▸ **ABOUT THIS EXERCISE**
Please transcribe only the lines that run from the line bearing "Ford repülőtér, a" to the end of the entries, keeping both end lines. Skip the pictures.

== DATASET RECORDS

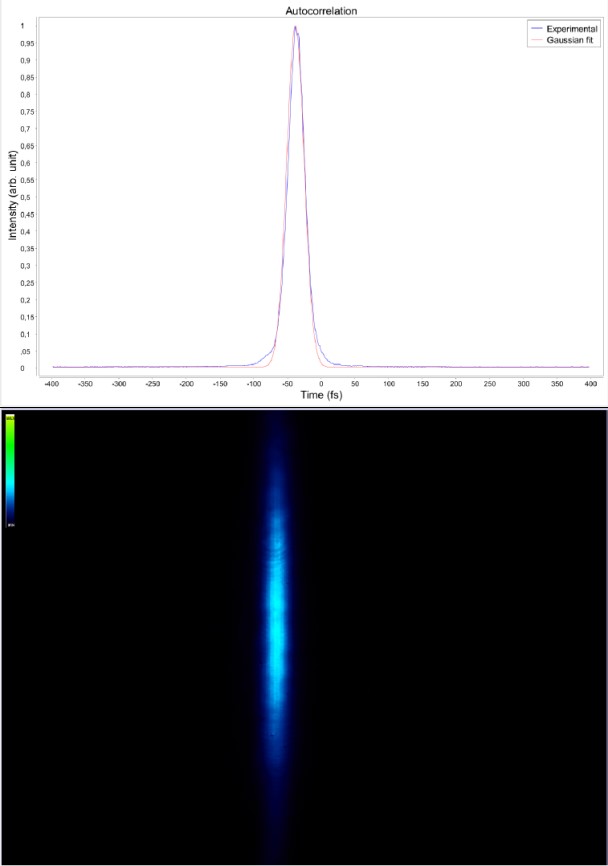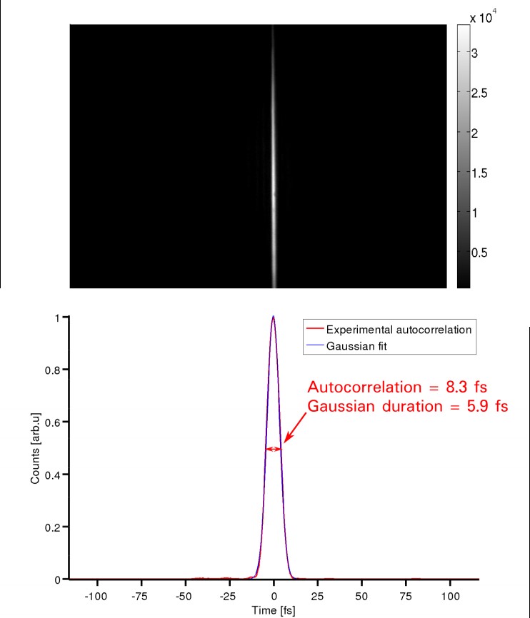 上图为空间分辨自相关轨迹原始图像;下图为自相关轨迹分析耦合结果,试验数据(红线)被拟合成高斯函数(蓝线)。自相关轨迹的半高全宽是8.3fs,对应的高斯脉宽为5.9fs。 图3. 低能量激光脉冲宽度测量结果(STFE-ROC FC-400测试Ti:Sapph振荡器,测量的平均功率仅为20mW,重复率为62MHz,单脉冲能量为0.3nJ)。下图是空间分辨自相关轨迹原始图像。上图自相关轨迹在分析耦合结果。实验数据(蓝线)被拟合成高斯函数(红线)。自相关轨迹的半高全宽为30.4fs,对应的高斯脉宽为21.5fs。
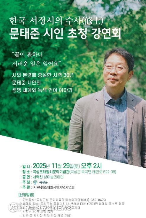 전남 곡성군은 오는 29일‘한국 서정시의 수사(修士)’로 불리는 문태준 시인 강연회가 곡성군 주최, (사)죽형조태일시인기념사업회 주관으로 조태일시문학기념관에서 개최된다고 20일 밝혔다.
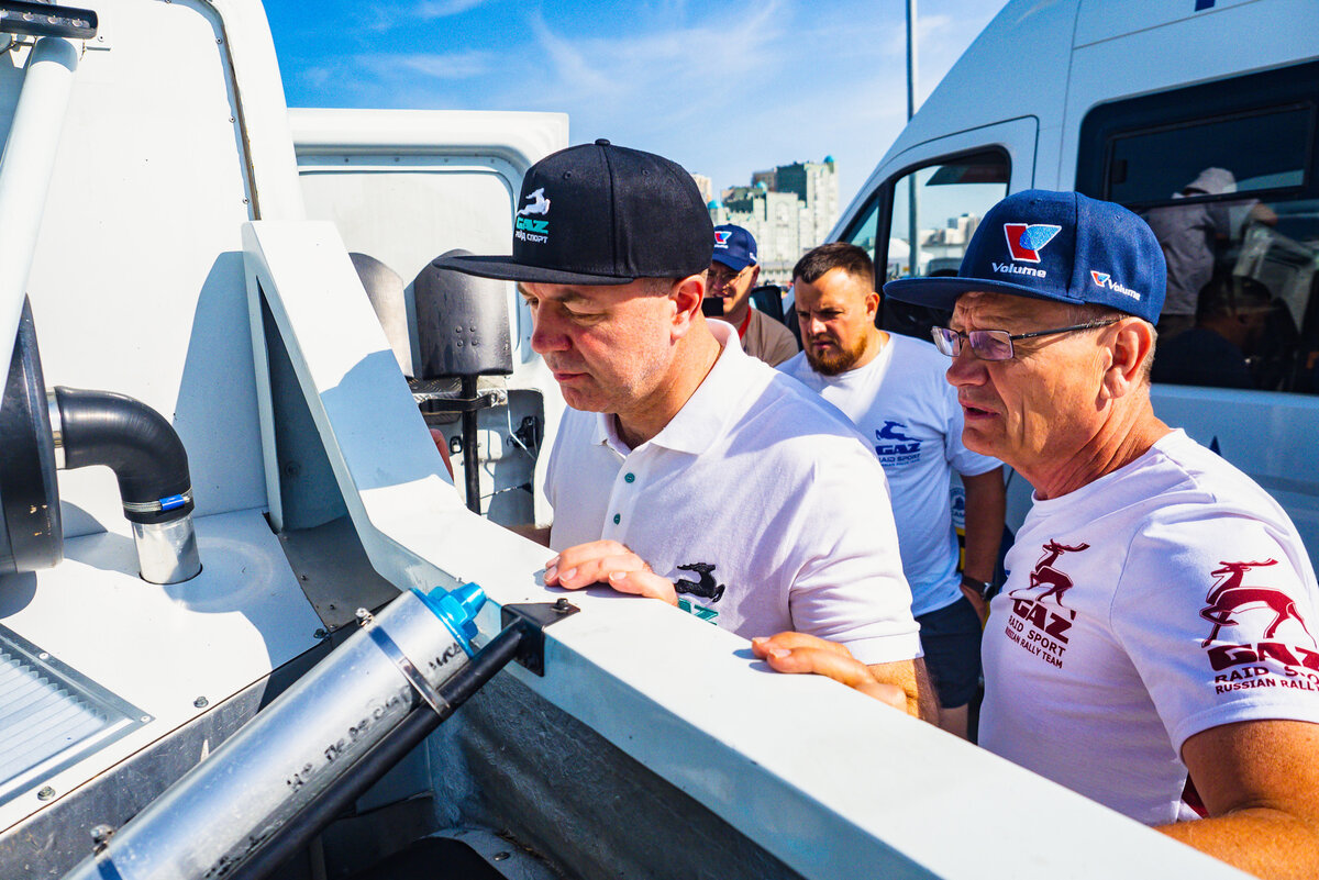 Утро первого дня гонки в лагере на стадионе Ак Барс Арены. Сверкающие автомобили без вмятин и царапин. Участники и механики в чистых комбинезонах, все полны сил и уверенности. Поддержать нашу команду Газ Рейд Спорт приехал управляющий директор Автозавода «ГАЗ» Андрей Софонов.
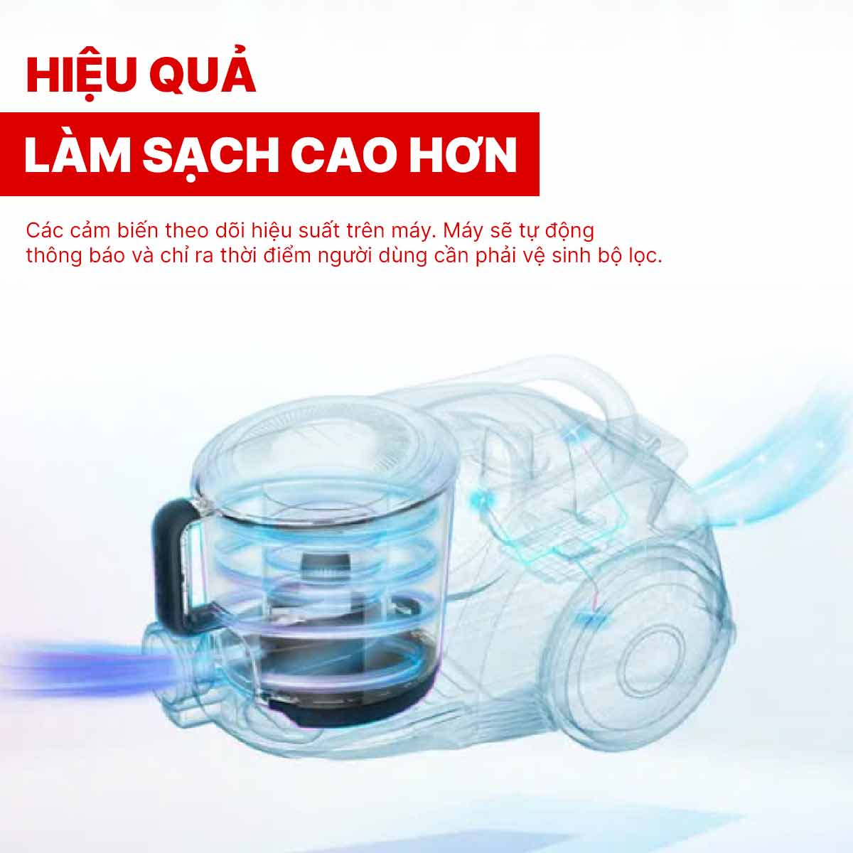 BGS41POW1 được thiết kế đặc biệt mang lại hiệu quả làm sạch cao hơn nhờ các cảm biến theo dõi hiệu suất trên máy. Máy sẽ tự động thông báo và chỉ ra thời điểm người dùng cần phải vệ sinh bộ lọc từ đó giúp không khí đẩy ra bên ngoài luôn được đảm bảo chất lượng.
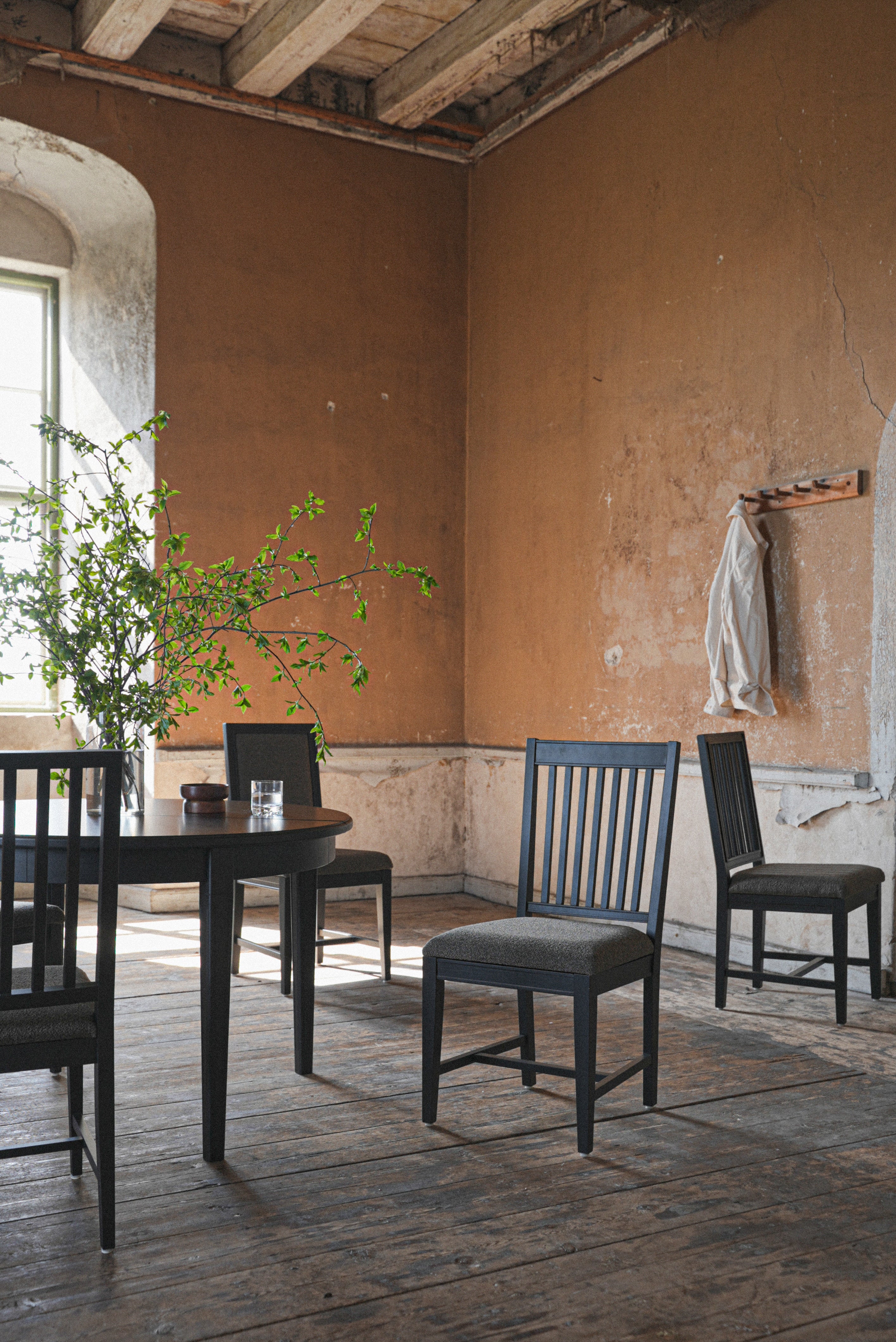 Utö 2.0 is a neater version of our classic chair with slightly angled wooden back, wide backrest and upholstered seat. The chair fits nicely with our tables in the Stockhom and Stockholm 2.0 series as it comes in the colours Whitewash, Grey and Black.
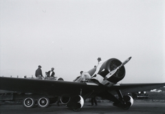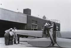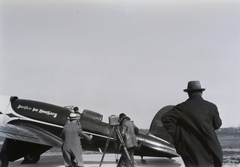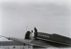 Ford repülőtér, a "Justice for Hungary" névre keresztelt Lockheed Sirius repülőgép. Az Atlanti-óceán átrepülésére készülő gépnél Bánhidi Antal gépészmérnök, repülőgép tervező, a kameránál Endresz György pilóta. Leltári jelzet: 16791
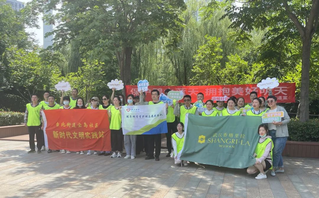 台北街道联合湖泊管理所、宝岛社区护湖志愿者、武汉香格里拉志愿者开展“保护碧水蓝天,拥抱美好明天”主题活动,对宝岛公园城中湖进行维护治理,宣传保护水资源环境,制止污染,以实际行动感染和引导居民群众爱湖、护湖,积极发动更多社会力量参与进来,共同缔造美丽宝岛。
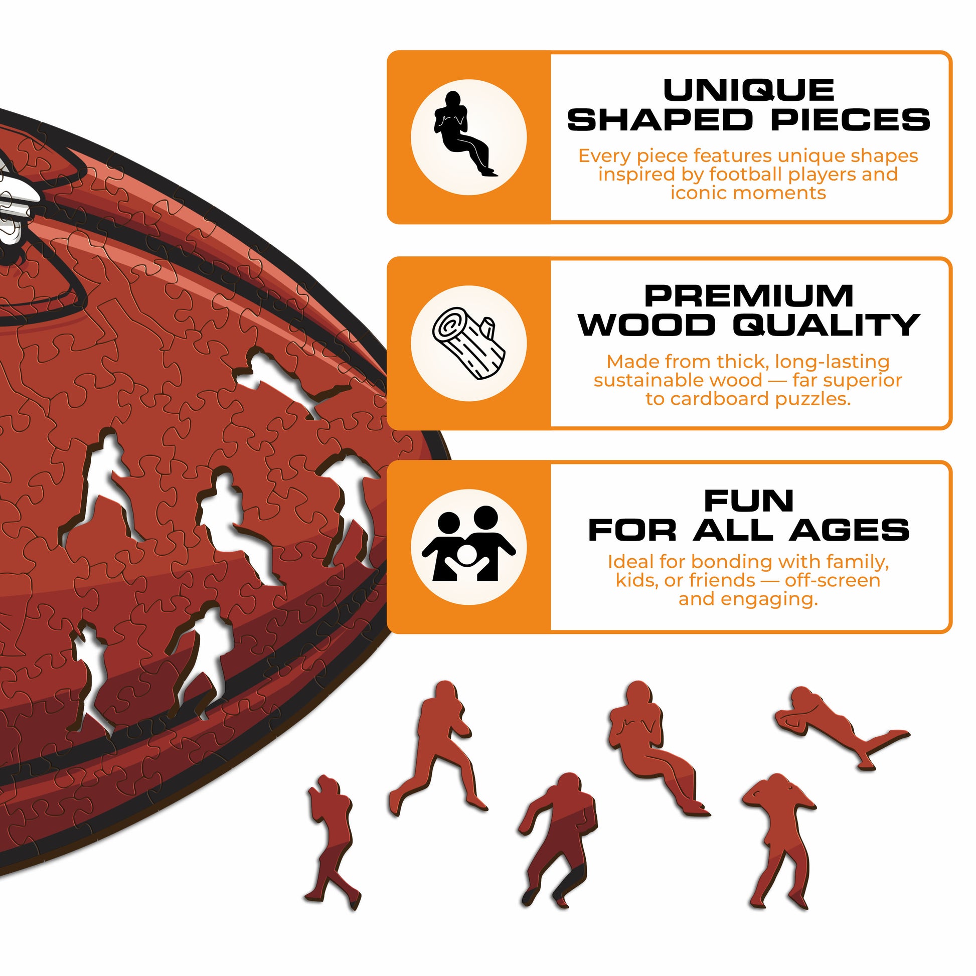 ✓ Each puzzle piece has a unique shape that depicts elements related to football and iconic players poses.
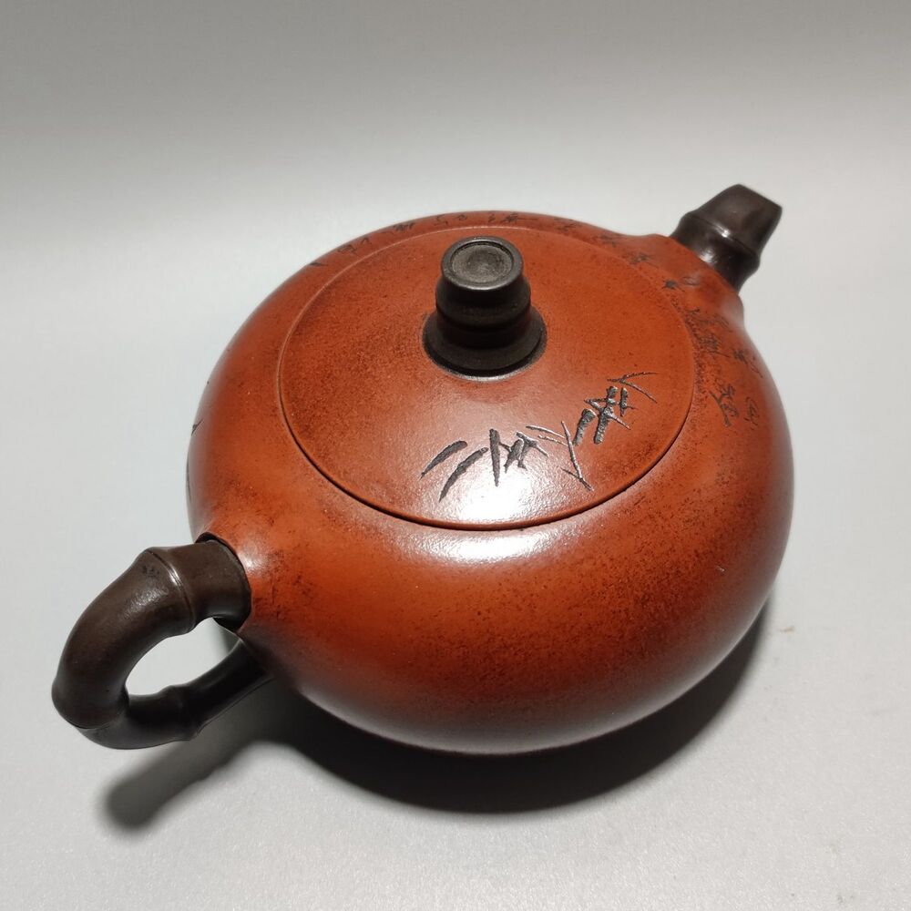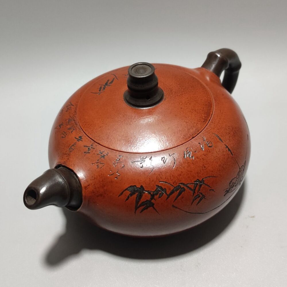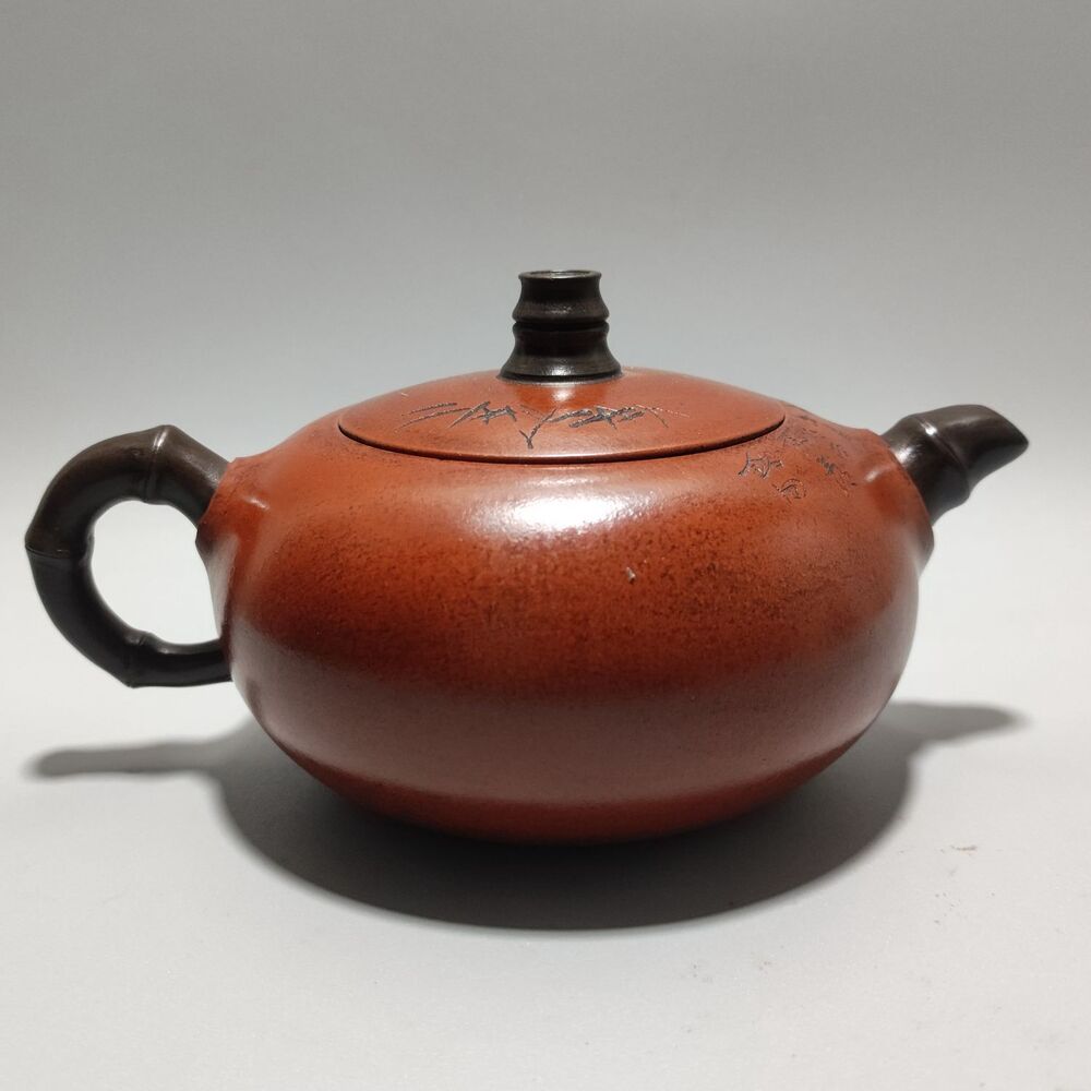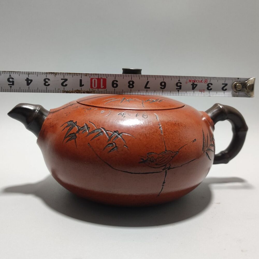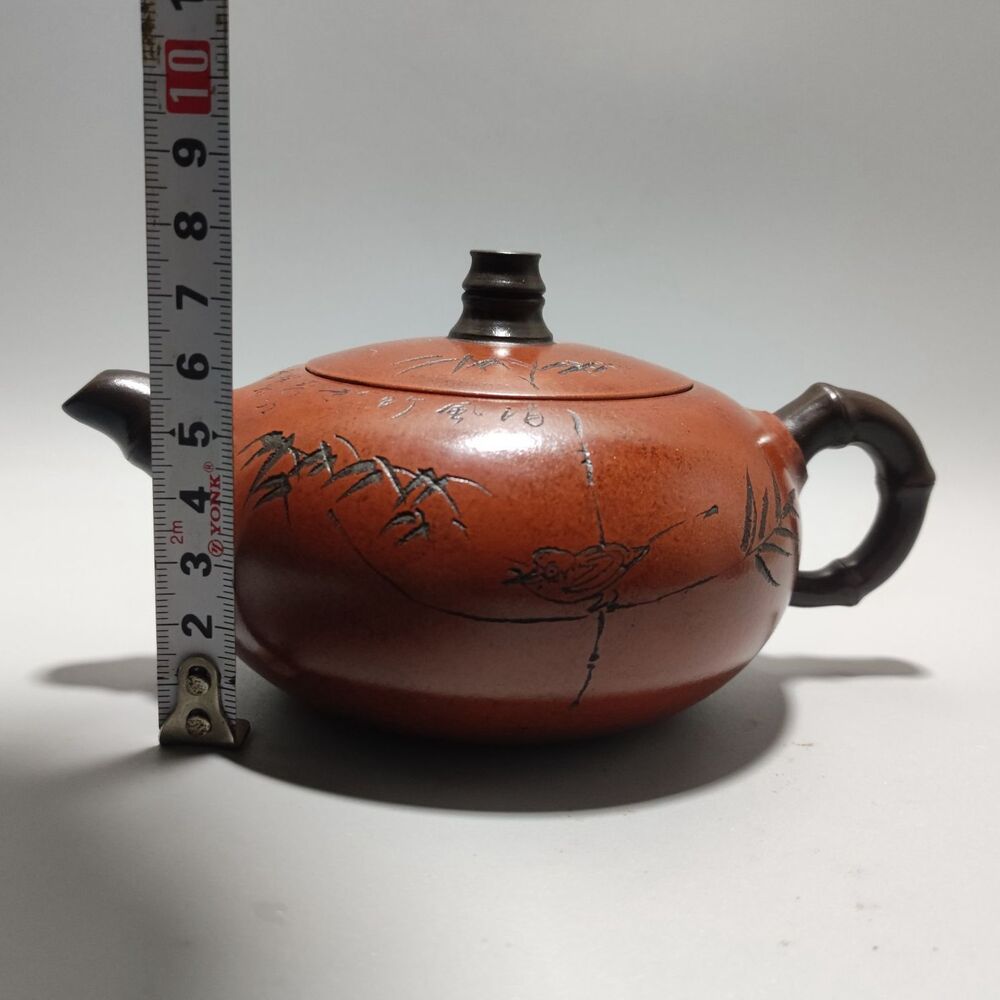 Vintage Chinese Yixing Purple Clay Teapot Zisha Ceramic Carving Bamboo Teaware

====

▸ **TASK RESULT**
 Ford repülőtér, a "Justice for Hungary" névre keresztelt Lockheed Sirius repülőgép. Az Atlanti-óceán átrepülésére készülő gépnél Bánhidi Antal gépészmérnök, repülőgép tervező, a kameránál Endresz György pilóta. Leltári jelzet: 16791
 台北街道联合湖泊管理所、宝岛社区护湖志愿者、武汉香格里拉志愿者开展“保护碧水蓝天,拥抱美好明天”主题活动,对宝岛公园城中湖进行维护治理,宣传保护水资源环境,制止污染,以实际行动感染和引导居民群众爱湖、护湖,积极发动更多社会力量参与进来,共同缔造美丽宝岛。
 ✓ Each puzzle piece has a unique shape that depicts elements related to football and iconic players poses.
 Vintage Chinese Yixing Purple Clay Teapot Zisha Ceramic Carving Bamboo Teaware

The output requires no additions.